A slew of polls conducted in April show a shrinking level of support for special counsel Robert Mueller’s probe into Russian interference in the 2016 presidential election.
Recent polls from Monmouth University, Quinnipiac University and Maris indicate Americans are souring on the wide-ranging probe. People are starting to see Mueller’s investigation as unfair to President Donald Trump, two of the three also suggest.
Monmouth’s May 1 survey finds 54 percent of Americans believe the special counsel’s pursuit should continue, which is down from 60 percent in March and 62 percent in July. Nearly 43 percent think the investigation should end — up 10 points since last summer.
Support among independents for continuing the Russia investigation has declined from 63 percent in March to 54 percent in the new poll, indicating criticisms are catching beyond Trump’s die-hard conservative base. The results of Monmouth’s poll, which sampled 803 adults reached through cell phones and landlines, could raise red flags among Democrats hoping to court independents.
The Maris poll, meanwhile, from April 10-13 found 45 percent saying the Mueller investigation was “fair” to the president, down from a high point of 53 percent in February. A still-smaller 30 percent said Mueller’s investigation was “not fair.” Quinnipiac’s results are similar in scope.
A Quinnipiac poll released April 26 found 54 percent of registered voters saying Mueller was conducting a fair investigation, down from a high of 60 percent in November 2017, while 31 percent said it was unfair. All three polls come as Trump continues berating those he believes are responsible for tying him to the probe.
“So disgraceful that the questions concerning the Russian Witch Hunt were ‘leaked’ to the media,” the president wrote in a tweet the day Monmouth published its poll. “No questions on Collusion. Oh, I see … you have a made up, phony crime, Collusion, that never existed, and an investigation begun with illegally leaked classified information. Nice!”
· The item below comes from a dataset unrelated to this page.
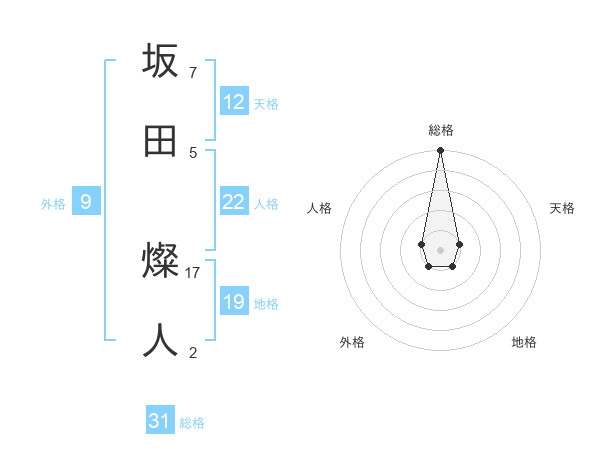 坂田 燦人さんの総格は31画の5点!

Monmouth’s poll also comes on the heels of an April 30 New York Times report showing a list of questions Mueller is considering asking Trump — the bulk of which are centered around a potential obstruction of justice case against Trump.
Five questions relate to Michael Flynn, the former national security adviser who was forced to resign on Feb. 13, 2017. Eighteen questions focus on James Comey, who Trump fired as FBI director on May 9, 2017. Eight questions center on Attorney General Jeff Sessions, and 13 regard possible coordination between the Trump campaign and Russian government. Some legal analysts think the questions are overly broad.
Trump’s lawyers are in a worse position to prepare for an interview with Mueller than then-President Bill Clinton’s team was in the Whitewater investigation, according to Sol Wisenberg, a defense lawyer who was a deputy independent counsel in the Whitewater investigation.
“It’s totally different than when President Clinton came into the grand jury room to talk to us,” Wisenberg told The New York Times in a May 1 interview. “He pretty much knew everything we knew. It was far less risky.”
He added, “This list reinforces the notion that the president should not go in for an interview with Mueller … Mueller knows all kinds of things — we don’t know exactly what he knows — and these are both broad and detailed questions, making real land mines.”